SiFive, a company founded in 2015 by UC Berkeley engineers who create open source chip designs, has raised a $400 million oversubscribed round, valuing the company at $3.65 billion.
This deal is interesting for many reasons. For one, SiFive’s RISC-V open chip design is based on RISC processors, not Intel’s x86 or ARM, the two dominant types of CPUs that currently feed Nvidia’s GPU computer system AI empire.
Additionally, Nvidia was an investor in this round, along with a long list of VCs, private equity, and hedge funds. The round was led by Atreides Management, founded by former Fidelity investor bigwig Gavin Baker. (Atreides was also a $1 billion investor in Cerebras Systems). Other investors in the round include Apollo Global Management, D1 Capital Partners, Point72 Turion, T. Rowe Price Sutter Hill Ventures and others.
SiFive’s business model is the same as Arm’s in years past – it licenses its chip designs to people who modify them for their needs and does not sell the chips itself. (In March, Arm changed its model when it launched the first manufactured chip, an AI chip it co-developed with Meta with customers including OpenAI, Cerebras, and Cloudflare.)
SiFive stands out in the rarefied air with a chip design that is open, not proprietary, as well as neutral, not dependent on specific customers. In fact, PitchBook estimates that SiFive hasn’t raised any money since March 2022, when it raised $175 million led by Coatue Management at a pre-money valuation of $2.33 billion.
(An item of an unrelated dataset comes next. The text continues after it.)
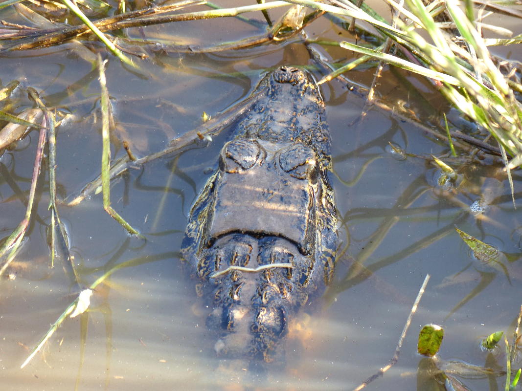 An einem ausgedehnten Wasserloch beobachten wir Reiher, Störche, Capivaras und Brillenkaimane (Jacaré) einträchtig vereint. Keiner scheint sich an der Anwesenheit des anderen zu stören.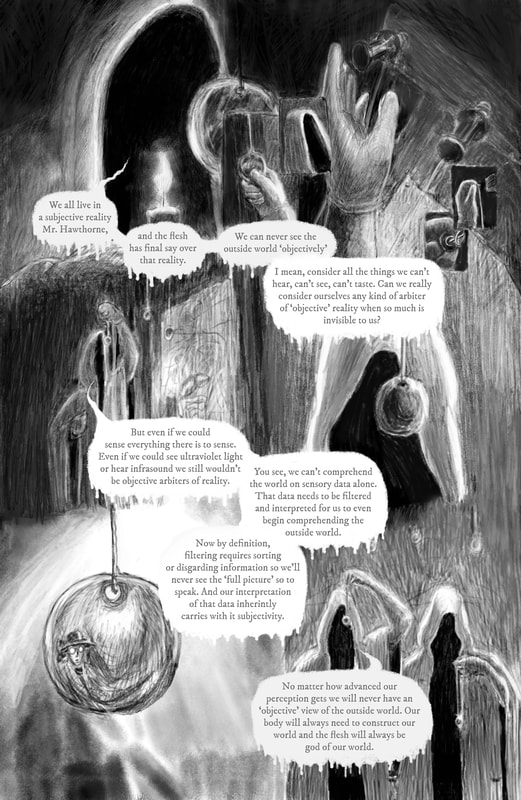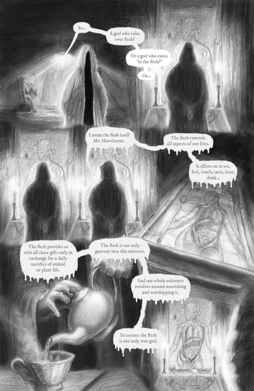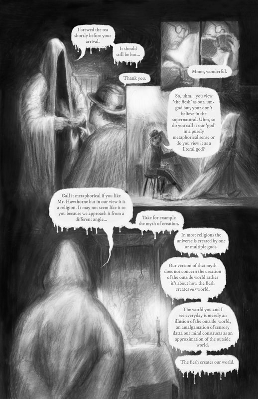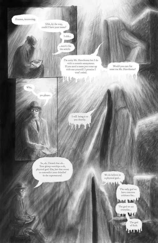 But the problem was that I needed a story, who is this man and what is the context. At first I thought of having the story be about the man slowly turning into that monstrosity but I had at that point already written 2 stories where somebody turns into some kind of monstrosity so I decided to tackle it from a different angle. So I had the idea that an outsider met with the cult that has this man. So, OK. Who is this outsider? My first thought was a journalist of some kind, maybe somebody from a newspaper or something, In my mind I had the idea of a reporter who looked like somebody from the early 20th century. I also batted around the idea of having this take place in modern times and maybe having the character be a blogger but I ultimately hated that and decided that the main character would be a journalist for a magazine. Now, OK we have this guy meeting with this cult leader and I had the idea that the big horror twist would come with the reveal of the mutilated man but besides that what do I do? At this point I realized that my previous comics were awfully narration heavy so I decided to restrict myself to only using speech bubbles, I needed to practice doing dialogue scenes. Now originally I just had the idea of the man meeting the cult leader, he would talk to them about their ideology and then the mutilated man would be revealed and it would be revealed that the cult members are also mutilated (they self mutilate). After that our character would then run out of the basement, now I wasn't sure what to do after that or if there should be anything more than that. I did some versions that played out differently (as you will see later) but eventually I decided to have the story just be about a man who meets with a cult, talks to them, sees some unimaginable horror and is forever ruined after that (very Lovecraftian). One aspect that I thought was integral was that I did not want the cult to be one-dimensional villains (although I did write one version where they were one-dimensional villains and it was just awful), in fact I kind of wanted the reader to come to an understanding of their ideology and I wanted the reader to come to their own conclusion. But if the comic is mostly just about two people talking what do they talk about? And how do you make a comic about people talking visually interesting?

Intel Capital, Qualcomm Ventures, Aramco Ventures, were part of that period.
RISC-V was, until recently, known as a chip for smaller uses such as embedded systems. But with this cash and Nvidia’s attention, SiFive is moving into CPUs for AI data centers. SiFive’s designs will work with Nvidia’s CUDA software and its NVLink Fusion, a rack server system that lets different CPUs plug into Nvidia’s “AI Factory.”
In other words, as rivals Intel and AMD want to compete with Nvidia’s GPUs, Nvidia is backing an 11-year-old startup that can design CPUs on an open and completely alternative technology.